Again, reading from bottom up:
- `DataSourceExec`
- `output_rows=99997497`: A total 99.9M rows were produced
- `bytes_scanned=3703192723`: Of the 14GB file, 3.7GB were actually read (due to projection pushdown)
- `time_elapsed_opening=308.203002ms`: It took 300ms to open the file and prepare to read it
- `time_elapsed_scanning_total=8.350342183s`: It took 8.3 seconds of CPU time (across 16 cores) to actually decode the parquet data
- `FilterExec`
- `output_rows=811821`: Of the 99.9M rows at its input, only 811K rows passed the filter and were produced at the output
- `elapsed_compute=1.36923816s`: In total, 1.36s of CPU time (across 16 cores) was spend evaluating the filter
- `CoalesceBatchesExec`
- `output_rows=811821`, `elapsed_compute=12.873379ms`: Produced 811K rows in 13ms
- `ProjectionExec`
- `output_rows=811821, elapsed_compute=66.25µs`: Produced 811K rows in 66µs (microseconds). This projection is almost instantaneous as it does not manipulate any data
- `SortExec`
- `output_rows=75`: Produced 75 rows in total. Each of 16 cores could produce up to 5 rows, but in this case not all cores did.
- `elapsed_compute=7.243038ms`: 7ms was used to determine the top 5 rows
- `row_replacements=482`: Internally, the TopK operator updated its top list 482 times
- `SortPreservingMergeExec`
- `output_rows=5`, `elapsed_compute=2.375µs`: Produced the final 5 rows in 2.375µs (microseconds)
When predicate pushdown is enabled, `DataSourceExec` with `ParquetSource` gains the following metrics:
- `page_index_rows_pruned`: number of rows evaluated by page index filters. The metric reports both how many rows were considered in total and how many matched (were not pruned).
- `row_groups_pruned_bloom_filter`: number of row groups evaluated by Bloom Filters, reporting both total checked groups and groups that matched.
- `row_groups_pruned_statistics`: number of row groups evaluated by row-group statistics (min/max), reporting both total checked groups and groups that matched.
- `pushdown_rows_matched`: rows that were tested by any of the above filters, and passed all of them.

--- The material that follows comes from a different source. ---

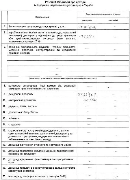 Решту - 4,93 мільйони гривень - Іванющенко отримав як дивідендів та процентів.
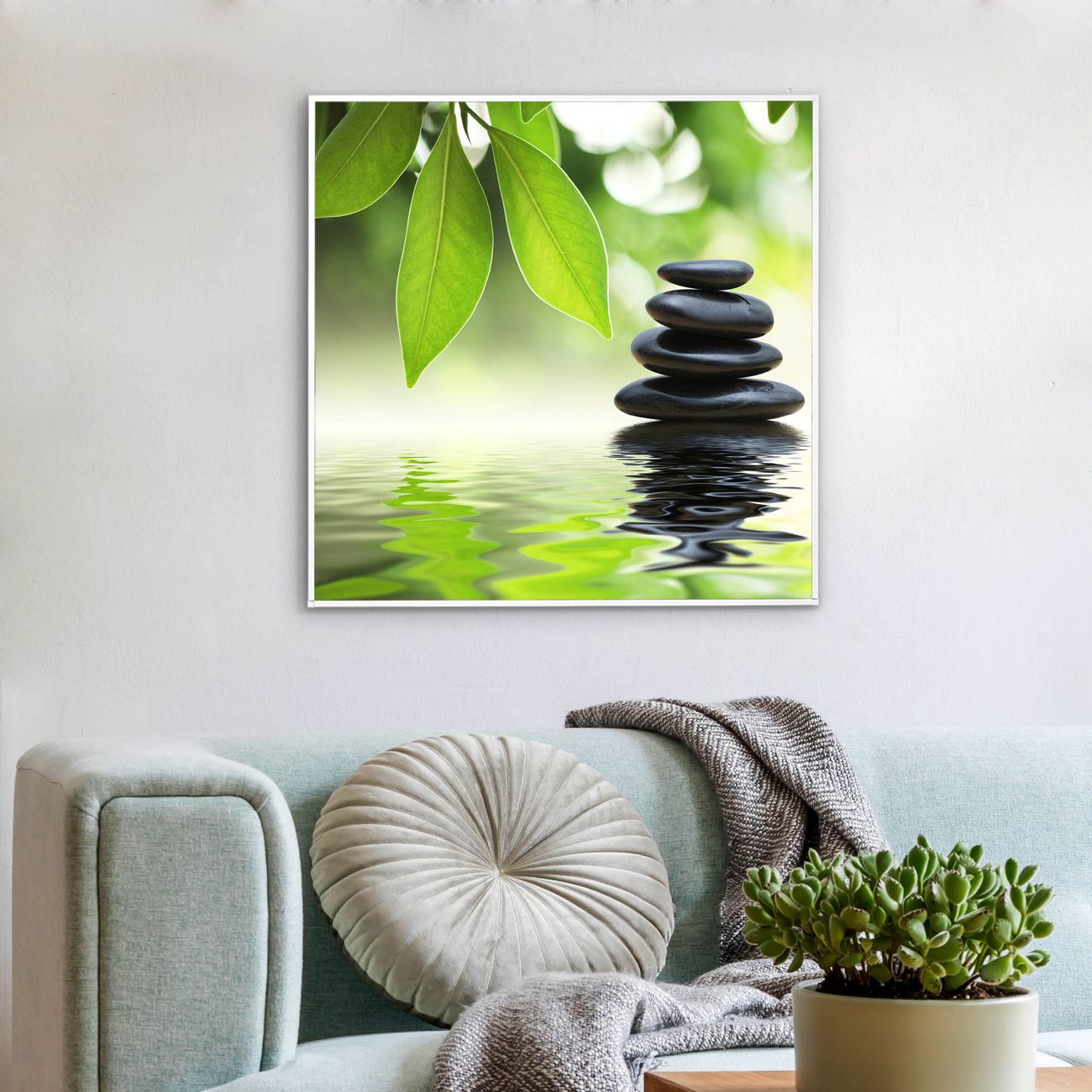 banjado LED Wandleuchte Sie erhalten hier eine stimmungsvolle Lichtquelle bestehend aus dem Set: Smart LED Panel mit Trafo, Motivscheibe (Motiv: Steine&Relax) und Rahmen. Der Aufbau ist denkbar einfach, Sie erhalten eine detaillierte Aufbauanleitung. Die komplette Leuchte kann sowohl an der Wand angeschlossen werden als auch als Deckenleuchte. Die Gesamtgröße der Lampe ist 62,5 x 62,5 x 4,5cm (HxBxT). Das Set besteht aus: LED Panel mit Trafo, Rahmen und Motivbild zum Selbstaufbau.

- `pushdown_rows_pruned`: rows that were tested by any of the above filters, and did not pass at least one of them.
- `predicate_evaluation_errors`: number of times evaluating the filter expression failed (expected to be zero in normal operation)
- `num_predicate_creation_errors`: number of errors creating predicates (expected to be zero in normal operation)
- `bloom_filter_eval_time`: time spent parsing and evaluating Bloom Filters
- `statistics_eval_time`: time spent parsing and evaluating row group-level statistics
- `row_pushdown_eval_time`: time spent evaluating row-level filters
- `page_index_eval_time`: time required to evaluate the page index filters
## Partitions and Execution
DataFusion determines the optimal number of cores to use as part of query
planning. Roughly speaking, each "partition" in the plan is run independently using
a separate core. Data crosses between cores only within certain operators such as
`RepartitionExec`, `CoalescePartitions` and `SortPreservingMergeExec`
You can read more about this in the [Partitioning Docs].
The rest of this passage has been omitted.